--- DATA PROVIDED Enclosed Below ---

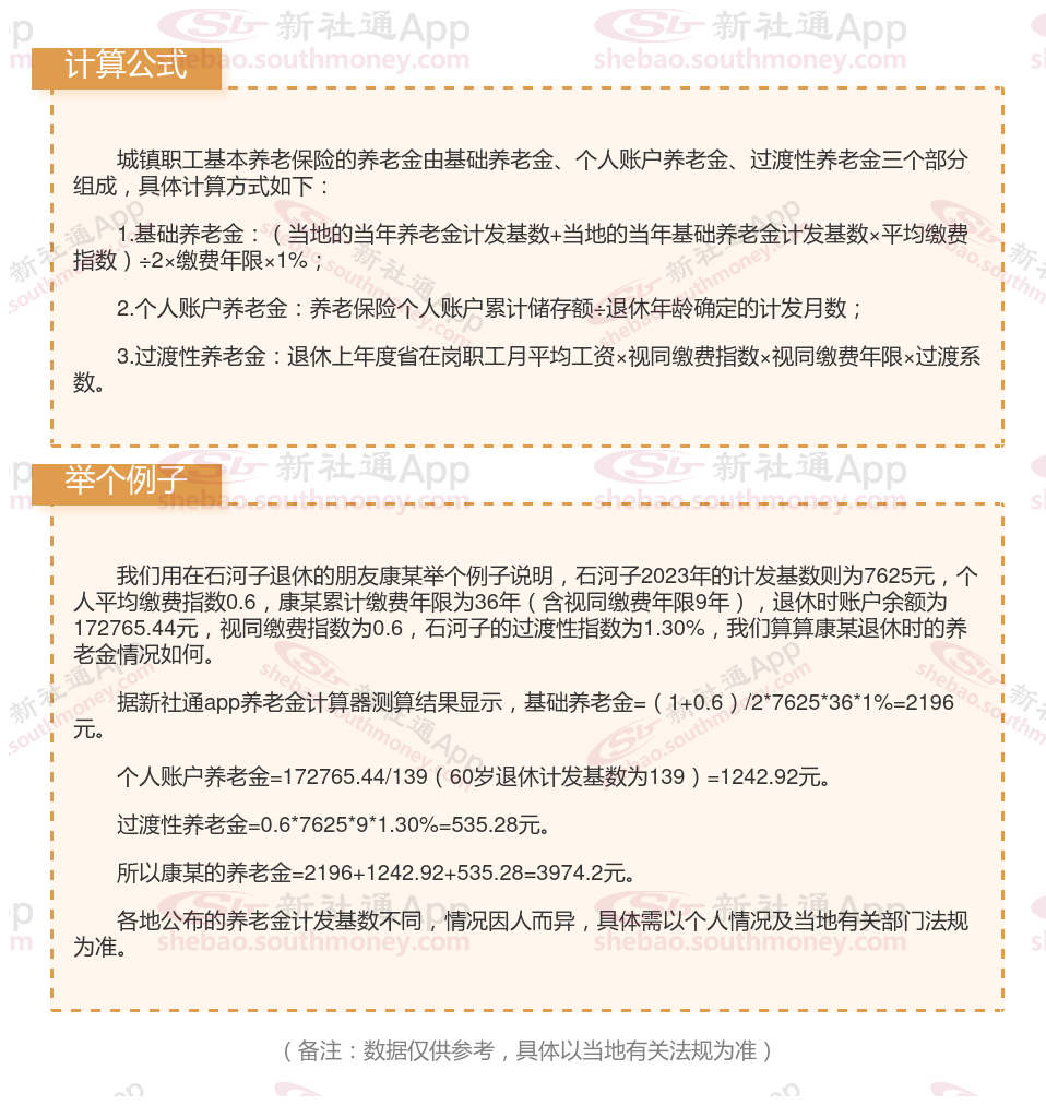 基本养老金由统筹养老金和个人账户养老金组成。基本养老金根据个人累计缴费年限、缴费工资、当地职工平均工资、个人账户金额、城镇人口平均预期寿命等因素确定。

--- End of Enclosed DATA PROVIDED ---
--- DATA PROVIDED Enclosed Below ---

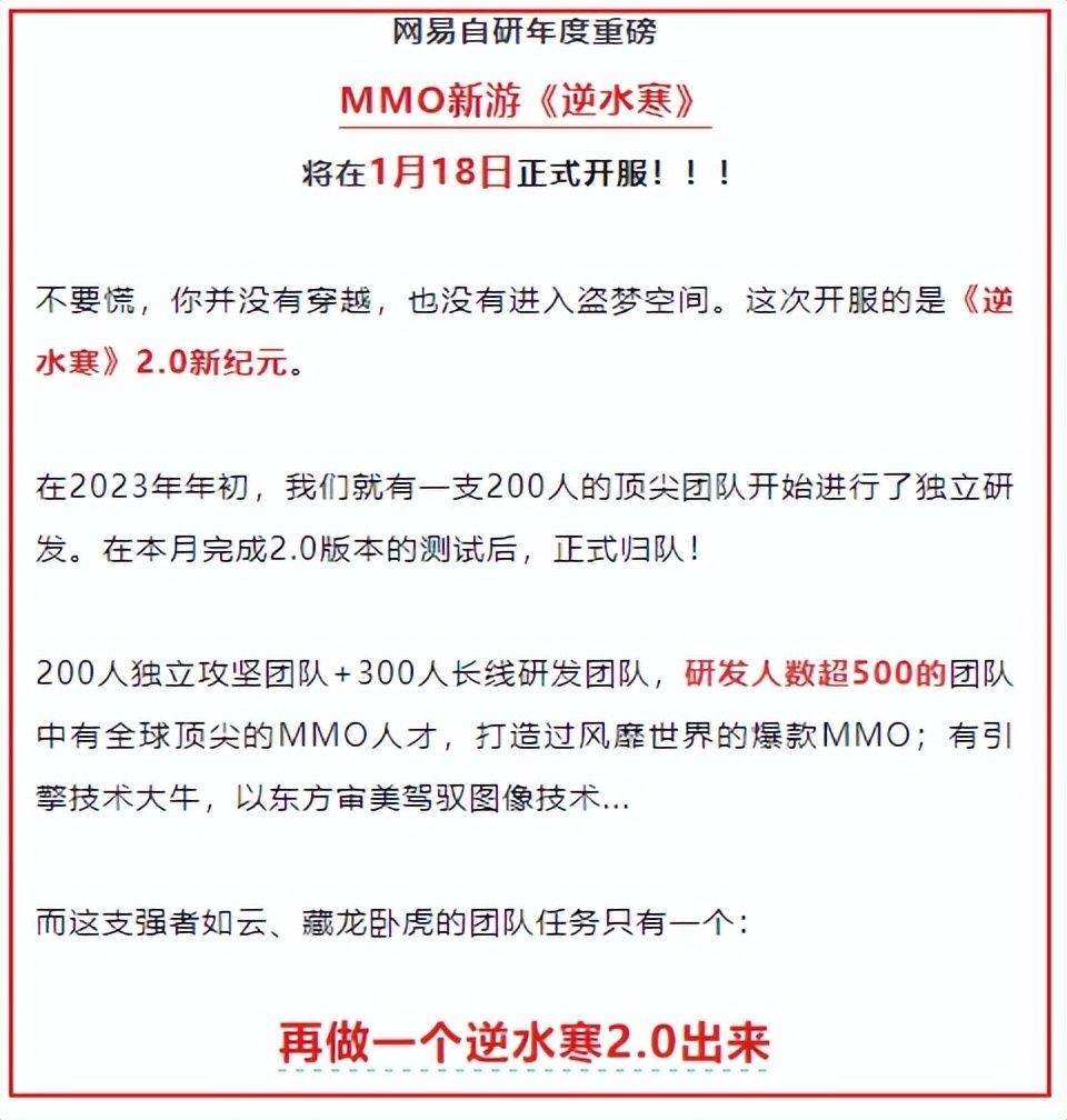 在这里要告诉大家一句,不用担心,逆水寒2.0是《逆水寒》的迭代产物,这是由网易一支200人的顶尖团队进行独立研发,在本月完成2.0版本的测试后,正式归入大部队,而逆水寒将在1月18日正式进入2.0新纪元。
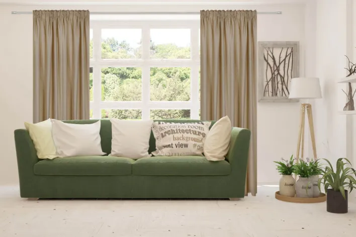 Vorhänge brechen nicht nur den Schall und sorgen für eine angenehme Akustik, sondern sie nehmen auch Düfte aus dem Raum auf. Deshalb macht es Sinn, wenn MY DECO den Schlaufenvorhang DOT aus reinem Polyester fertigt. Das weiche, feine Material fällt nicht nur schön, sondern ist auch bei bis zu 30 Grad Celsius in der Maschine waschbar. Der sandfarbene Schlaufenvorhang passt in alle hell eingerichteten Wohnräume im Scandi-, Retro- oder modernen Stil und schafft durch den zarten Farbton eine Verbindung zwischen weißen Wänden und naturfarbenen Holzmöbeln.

--- End of Enclosed DATA PROVIDED ---
--- DATA PROVIDED Enclosed Below ---

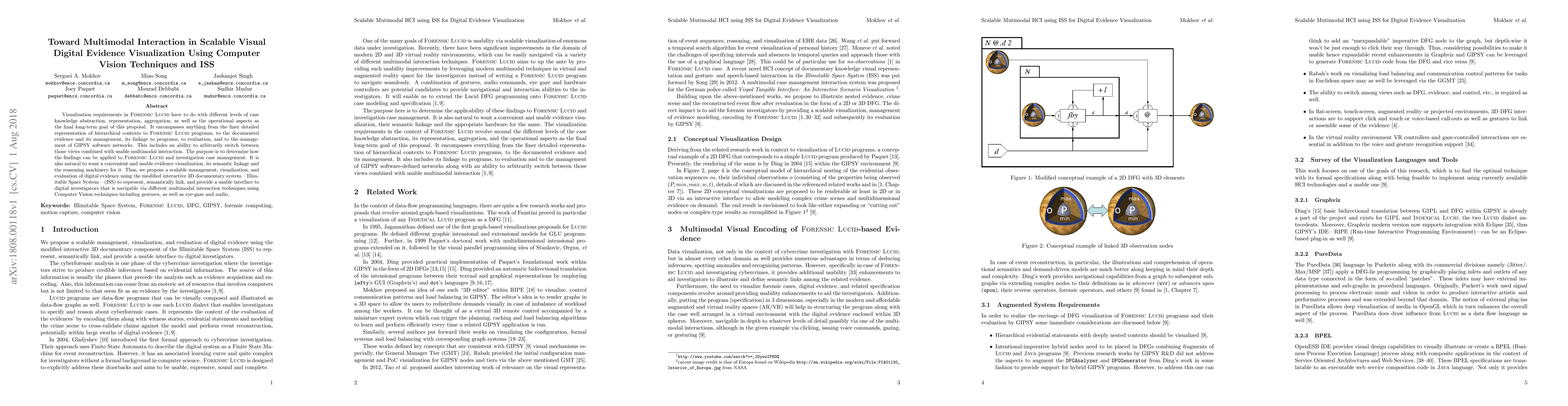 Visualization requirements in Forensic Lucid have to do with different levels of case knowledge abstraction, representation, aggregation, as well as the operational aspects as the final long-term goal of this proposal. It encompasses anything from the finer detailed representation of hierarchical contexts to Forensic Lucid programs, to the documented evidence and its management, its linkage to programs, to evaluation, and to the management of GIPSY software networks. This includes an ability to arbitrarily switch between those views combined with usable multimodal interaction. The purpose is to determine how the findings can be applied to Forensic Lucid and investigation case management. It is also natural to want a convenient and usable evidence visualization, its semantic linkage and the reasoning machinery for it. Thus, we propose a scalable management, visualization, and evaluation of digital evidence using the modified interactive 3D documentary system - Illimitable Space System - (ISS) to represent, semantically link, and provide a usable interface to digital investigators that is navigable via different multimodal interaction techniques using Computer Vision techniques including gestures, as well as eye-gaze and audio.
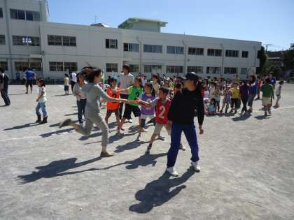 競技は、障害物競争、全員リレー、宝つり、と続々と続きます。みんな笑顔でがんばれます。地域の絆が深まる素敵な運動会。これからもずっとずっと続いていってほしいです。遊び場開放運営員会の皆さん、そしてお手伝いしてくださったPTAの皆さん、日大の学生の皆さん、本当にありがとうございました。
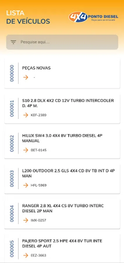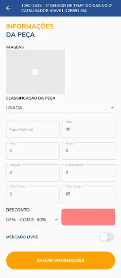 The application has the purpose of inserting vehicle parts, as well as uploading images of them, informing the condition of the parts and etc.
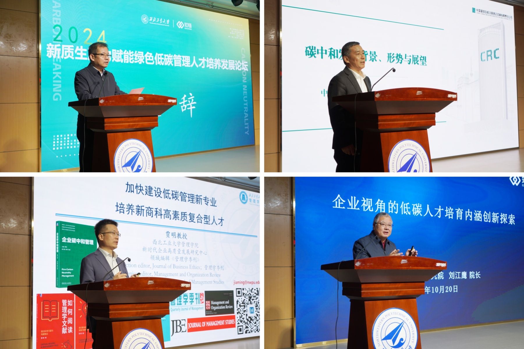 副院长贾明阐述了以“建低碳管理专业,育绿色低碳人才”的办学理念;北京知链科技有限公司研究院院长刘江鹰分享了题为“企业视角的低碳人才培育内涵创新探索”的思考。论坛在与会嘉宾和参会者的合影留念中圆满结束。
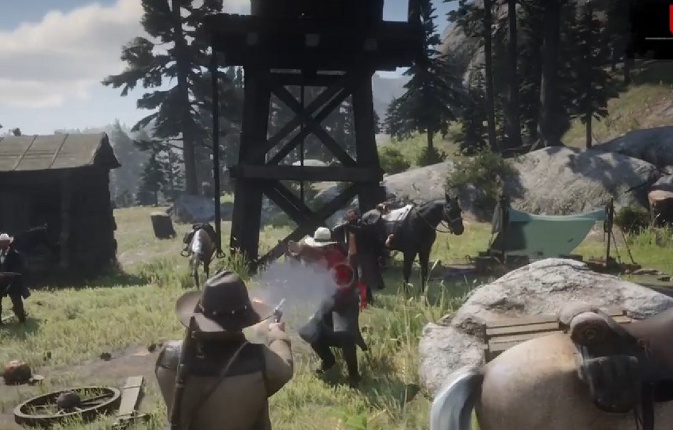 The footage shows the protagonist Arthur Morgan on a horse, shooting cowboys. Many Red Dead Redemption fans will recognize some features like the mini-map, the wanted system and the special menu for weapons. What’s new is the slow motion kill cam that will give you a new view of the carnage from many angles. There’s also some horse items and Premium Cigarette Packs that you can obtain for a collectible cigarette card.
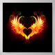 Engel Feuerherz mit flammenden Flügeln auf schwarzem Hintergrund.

--- End of Enclosed DATA PROVIDED ---

For this exercise, set down the lines in the entries above from the one with "The application has" through the one with "Engel Feuerherz mit" exactly as written, without any pictures.

§ **SOLUTION TO THE EXERCISE**
 The application has the purpose of inserting vehicle parts, as well as uploading images of them, informing the condition of the parts and etc.
 副院长贾明阐述了以“建低碳管理专业,育绿色低碳人才”的办学理念;北京知链科技有限公司研究院院长刘江鹰分享了题为“企业视角的低碳人才培育内涵创新探索”的思考。论坛在与会嘉宾和参会者的合影留念中圆满结束。
 The footage shows the protagonist Arthur Morgan on a horse, shooting cowboys. Many Red Dead Redemption fans will recognize some features like the mini-map, the wanted system and the special menu for weapons. What’s new is the slow motion kill cam that will give you a new view of the carnage from many angles. There’s also some horse items and Premium Cigarette Packs that you can obtain for a collectible cigarette card.
 Engel Feuerherz mit flammenden Flügeln auf schwarzem Hintergrund.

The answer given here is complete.